What has that to do with anything, well you may inquire? The simple fact is, Avalon only appears to me in flight. And Rotax engines just don't start in ten below. So, I kludged together a crude engine pre-heater, toasted marshmallows for an hour, then fired up the trusty Rotax, and was soon cruising, 95 knots at 5500 feet, waiting for Avalon to materialize in the vacant seat beside me. She did not disappoint.

How long has it been since you've seen Dan, Avalon inquired after the preliminaries had been thought aloud. Forty four years, I guesstimated. And how long since your ex has seen him? The same forty four years, I guess.

"You guess? You're still guessing? And second guessing? Isn't it time to put the past where it rightly belongs -- in the past?"

You don't understand, I stammered, you can't possibly understand, because fidelity was not so much a priority for you. But this was my wife we're talking about!

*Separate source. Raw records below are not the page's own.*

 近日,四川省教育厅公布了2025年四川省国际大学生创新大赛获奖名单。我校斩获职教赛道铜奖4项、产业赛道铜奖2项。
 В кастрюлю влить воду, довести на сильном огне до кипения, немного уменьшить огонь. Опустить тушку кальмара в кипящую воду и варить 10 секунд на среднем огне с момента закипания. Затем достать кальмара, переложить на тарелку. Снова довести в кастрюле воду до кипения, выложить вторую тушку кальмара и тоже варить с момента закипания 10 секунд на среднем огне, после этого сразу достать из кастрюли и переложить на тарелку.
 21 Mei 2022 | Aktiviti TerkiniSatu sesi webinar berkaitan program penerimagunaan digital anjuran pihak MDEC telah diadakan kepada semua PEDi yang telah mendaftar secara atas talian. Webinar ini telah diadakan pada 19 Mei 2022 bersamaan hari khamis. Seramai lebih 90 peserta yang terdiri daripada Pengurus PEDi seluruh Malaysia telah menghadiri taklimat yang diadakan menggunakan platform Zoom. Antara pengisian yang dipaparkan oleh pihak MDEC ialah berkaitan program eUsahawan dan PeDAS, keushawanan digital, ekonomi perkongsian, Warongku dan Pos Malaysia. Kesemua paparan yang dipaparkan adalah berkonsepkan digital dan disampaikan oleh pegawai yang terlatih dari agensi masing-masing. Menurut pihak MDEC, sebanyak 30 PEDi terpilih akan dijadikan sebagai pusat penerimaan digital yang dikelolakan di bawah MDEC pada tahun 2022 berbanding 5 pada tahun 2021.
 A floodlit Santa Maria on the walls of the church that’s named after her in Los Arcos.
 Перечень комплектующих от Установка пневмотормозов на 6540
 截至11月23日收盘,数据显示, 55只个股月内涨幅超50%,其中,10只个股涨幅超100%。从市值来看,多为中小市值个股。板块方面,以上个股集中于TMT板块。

"Circle back in the holding pattern, Ace," replied Avalon, "and remind me of what attracted you to her in the first place."

So I proceeded to reminisce about my first wife, about how things had been in the beginning, of how she was the perfect 'sixties woman, confident and self-assured and actualized and liberated and independent, and how that had dazzled me.

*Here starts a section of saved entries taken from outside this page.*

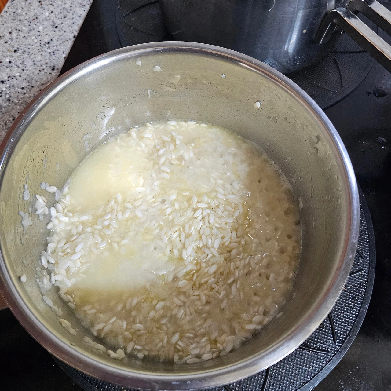 양파의 향이 충분히 올라오면, 준비해 둔 리조토용 쌀을 넣고 천천히 볶아줍니다.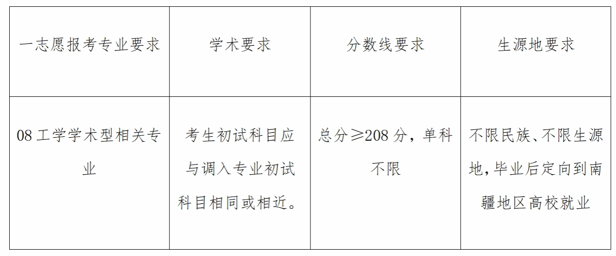 因学校指标调整,现追加1个学术学位硕士研究生“少数民族高层次骨干人才计划”南疆高校教师专项指标至081100控制科学与工程专业,拟接收调剂生。请拟申请调剂的考生在我院调剂系统开放时间段内登陆中国研招网调剂系统报名。
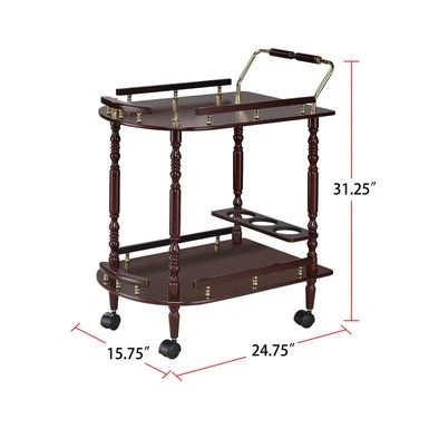 - Merlot finish and brass accents call attention to the historical nature of this serving cart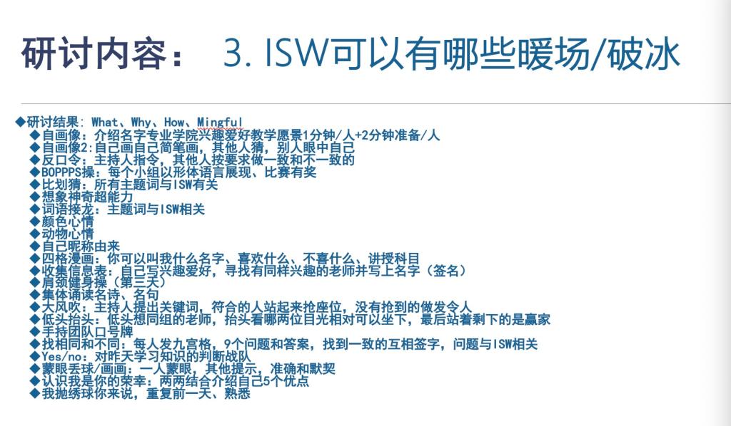 第三轮研讨要点围绕具体的暖场/破冰方式展开。例如“自画像”,包括介绍名字、专业、学院、兴趣爱好和教学愿景,以及自己画自己简笔画让其他人猜等形式;“反口令”,即主持人指令,其他人按要求做一致和不一致的动作;“BOPPPS操”,每小组以形体语言展现并比赛;“比划猜”,所有主题词与ISW有关;还有想象神奇超能力、词语接龙(主题词与ISW相关)、颜色心情、动物心情、自己昵称由来、四格漫画(涵盖可以叫我什么名字、喜欢什么、不喜欢什么、讲授科目)、寻找有相同兴趣爱好的老师并签名、集体诵读名诗名句、“大风吹”(主持人提出关键词,符合的人站起来抢座位)、“低头抬头”(低头想同组老师,抬头看目光相对者坐下)、手持团队口号牌、找相同和不同(每人发九宫格,问题与ISW相关)、“Yes/no”(对昨天学习知识的判断战队)、蒙眼丢球/画画(一人蒙眼,其他人提示)、“认识我是你的荣幸”(两两结合介绍自己5个优点)、“我抛绣球你来说”(重复前一天内容)等。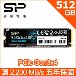 SP廣穎 P34A60 1TB NVMe Gen3x4 PCIe SSD 固態硬碟$5,169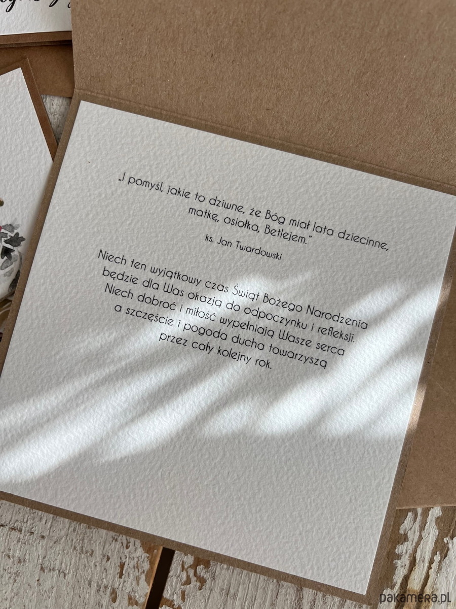 W środku kartka ma już gotowe życzenia widoczne na zdjęciu.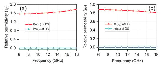 (a) Relative permittivity of the equivalent DS; (b) Relative permeability of the equivalent DS.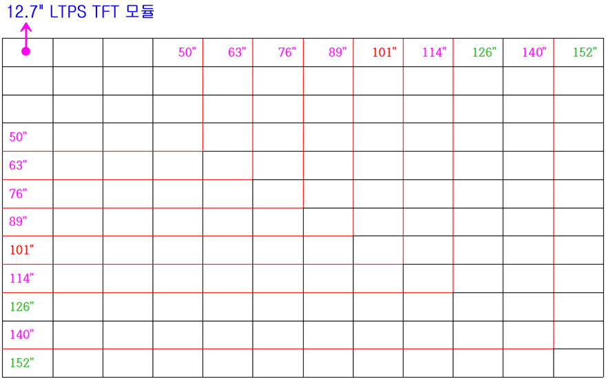 | 8K TV | 77"/88" | X | X 50"/63"/76"를 4(2x2)배 조합하면, 100"/126"/152" 8K TV 가능 |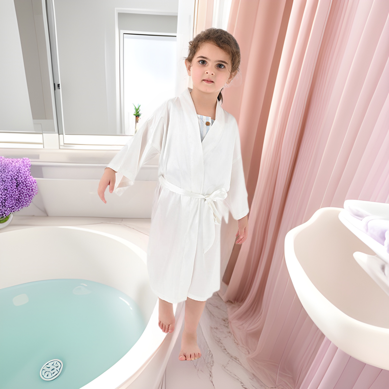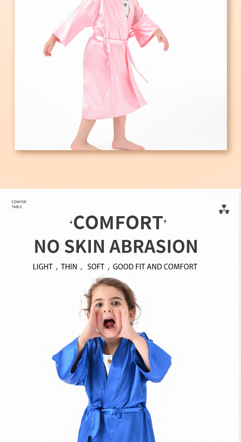 Трансграничный однотонный детский халат из искусственного шелка, экспортная большая детская атласная ночная рубашка, детский подиумный кардиган, халат для мальчиков и девочек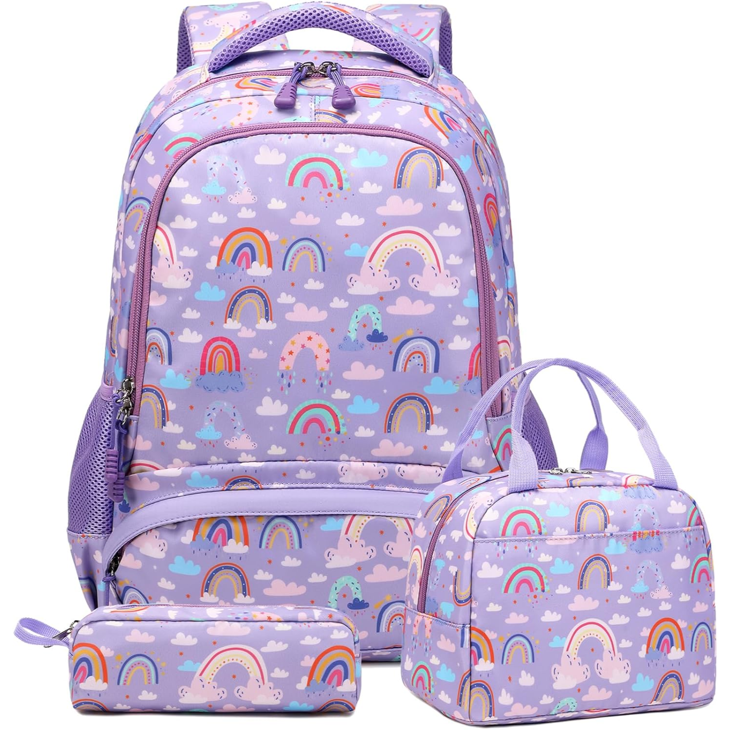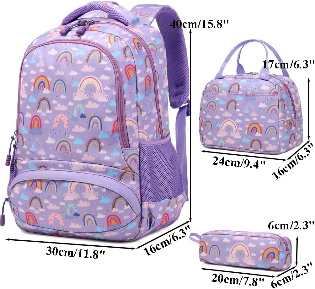 Conjunto Escolar Purple Rainbows 40 cm - Mochila + lancheira + porta-lápis

"Apparently dazzled Dan as well," speculated my guardian ghost.

"Well, of course it did. And I was OK with it, then. Wasn't either of us monogamous at first, and this was the 'sixties, a culture where no person presumed to lay claim to another. But, that was then and this is now and in between there was all of that."

"Tell me," asked Avalon, "what was her favorite movie?"

"Sweet November, I suppose."

"And her favorite play?"

"Same Time Next Year."

"And what does that tell you?"

I was silent for a long time.

Yes, the 'sixties scene was -- well, different, Avalon allowed. Two friends sharing a woman was no more a big deal than them sharing a joint, and she rightly reasoned that he and I had done our share of that. "Only, it wasn't Dan broke up your marriage, was it?"

"No, and I wouldn't have blamed him if it had been. It was some other bloke. And I wanted to blame him, but I couldn't even do that -- I knew how irresistible she was. No, I blamed her."

For what, Avalon inquired?

"For never outgrowing the 'sixties. For not growing up, dammit!"

You know we don't much like that word, down there, Avalon replied, and I apologized.

"So," asked Avalon, "what are you going to do about it?"

"You tell me."

So, she did. "You're going to give him her number. They're going to reconnect, and then they'll discover that you can never go home again."

And I? I'm going to spend the rest of my days wishing you could. I was about to tell Avalon that, but when I glanced sideward, I saw that in her usual enigmatic fashion, she was gone.